Top of Provided data
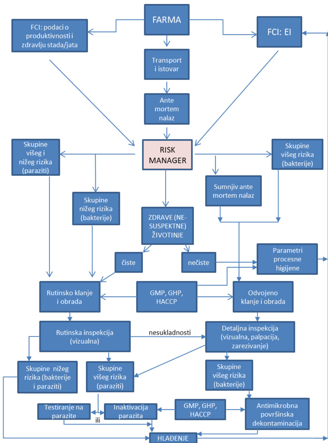
Slika 8. Model sustava sigurnosti trupova u klaonici temeljen na riziku (prilagođeno prema BUNCIC, 2014.)
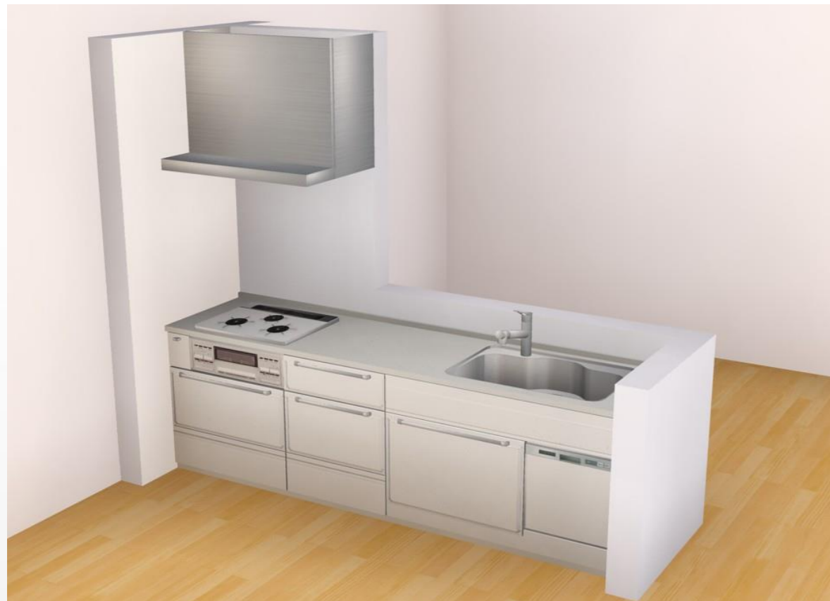
画像はイメージです。
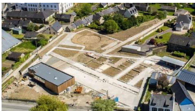
Carhaix Poher tourisme - Point d'accueil des nouveaux arrivants en Poher communauté

Rue du Docteur Menguy 29270 CARHAIX 02 98 17 53 07 - tourismecarhaix@poher.bzh
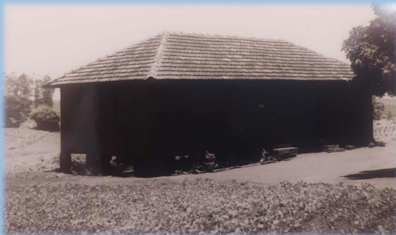
LOCALIZAÇÃO DA ESCOLA NO MUNICÍPIO
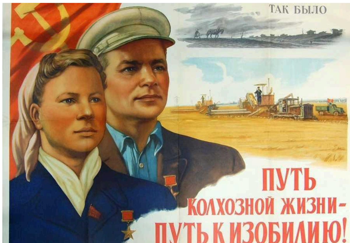
Советский плакат с надписью “Путь к колхозной жизни – путь к изобилию!”

символом белорусской деревни, вернемся в 1920-е годы, когда Советский Союз искал способ ускорить индустриализацию.
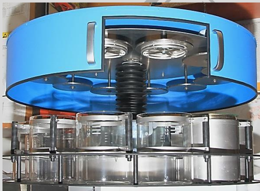
Obszar roboczy aparatu (P240)
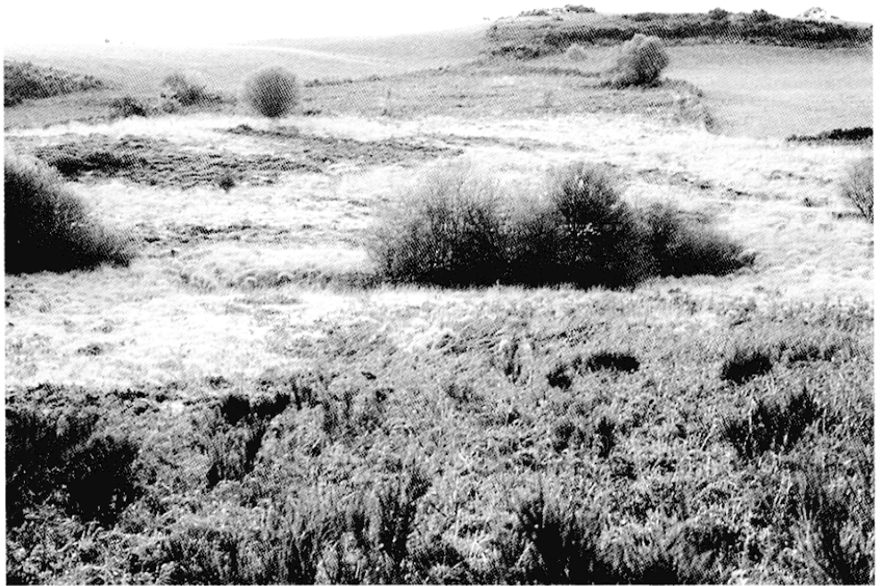
Fig. 2 – Tourbière d'Arvieu (Lévezou)

Les tourbières font alors l'objet de multiples usages: pâturage estival, fourrage, fauche des joncs pour la litière hivernale, chasse au gibier d'eau, pêche, cueillette, utilisation de certaines cypéracées pour le rempaillage de chaises, récolte des osiers pour la fabrication de paniers... Ces zones humides, privées ou communales, étaient donc totalement intégrées aux systèmes d'exploitation
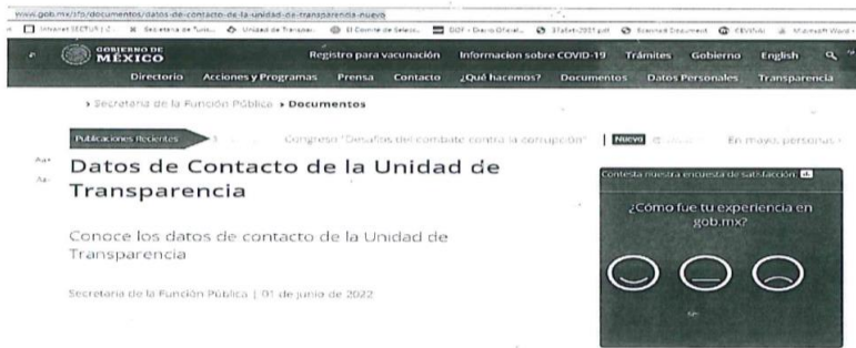
(Se adjunta evidencia de que la liga de internet proporcionada se encuentra activa al día de hoy)
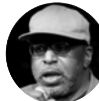
Minister Server Tavares

Профессор истории и международных отношений Trinity College (Коннектикут, США).
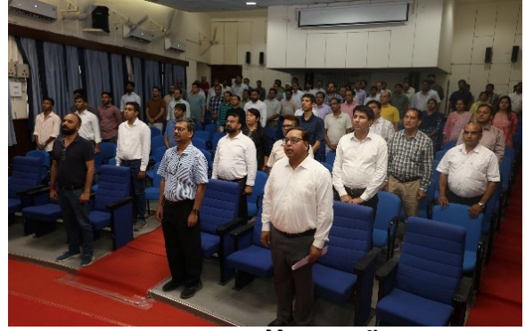
स्वच्छता शपथ लेते हुए सहकर्मी

स्वच्छता केवल एक अभियान नहीं, बल्कि जीवनशैली का महत्वपूर्ण हिस्सा है, जिसे हम सभी को अपने दैनिक जीवन में अपनाना चाहिए।
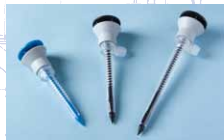
REF : 5 053, 5 068, 5 100
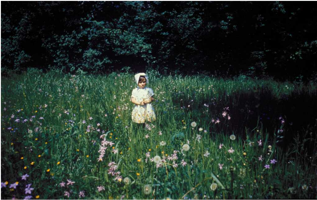
Fot. nr 217 (217-218). Rozległe łąki krzyszkowickiego wzniesienia. Czerwiec 1983.
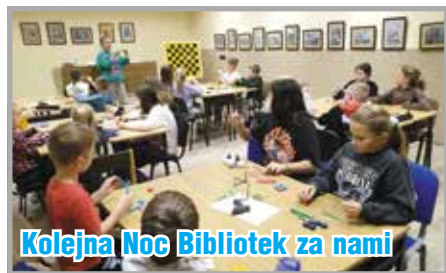
Kolejna Noc Bibliotek za nami
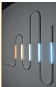
Astropol, créateurs de luminaires sur-mesure

Chaque jour, les visiteurs pourront aller à la rencontre de créateurs et assister à des projections de films leur permettant de mieux comprendre l'univers de ces métiers.
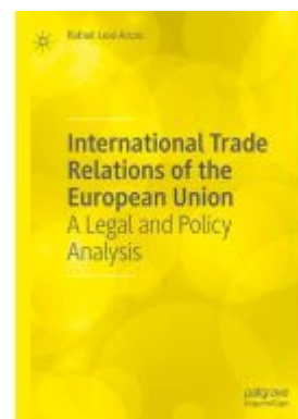
International Trade Relations of the European Union Ladenpreis: 109,99EUR
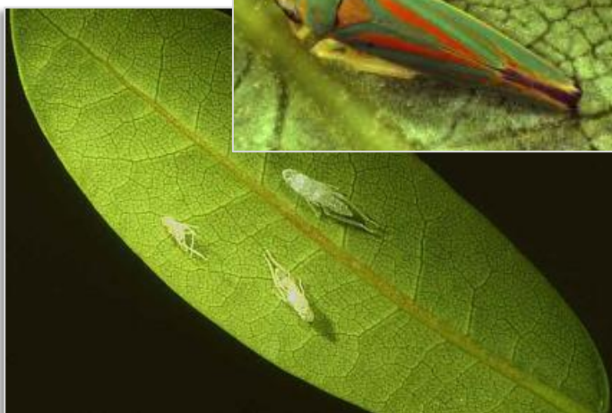
Abb. 6: infizierte Knospe (oben), Larven und Häutungsreste Adulte Rhododendronzikade (rechts)
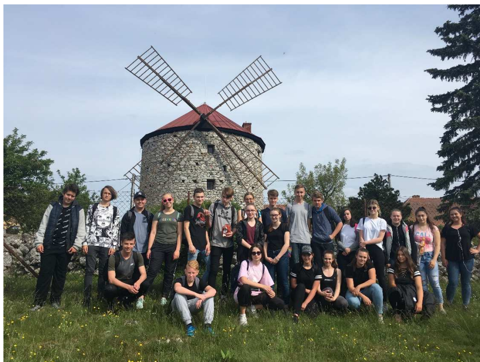
Přírodovědná exkurze Moravský kras
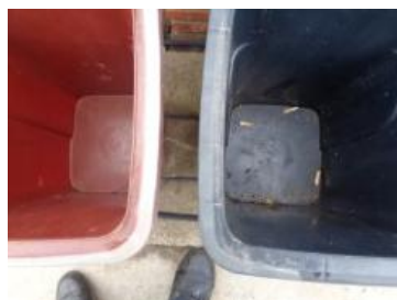
华西村建桥 1081 号垃圾分类正常
Bottom of Provided data
* [Task to carry out]:
Go line by line through the records and copy those that contain the word "créateurs".

* [Result of the exercise]:
Astropol, créateurs de luminaires sur-mesure
Chaque jour, les visiteurs pourront aller à la rencontre de créateurs et assister à des projections de films leur permettant de mieux comprendre l'univers de ces métiers.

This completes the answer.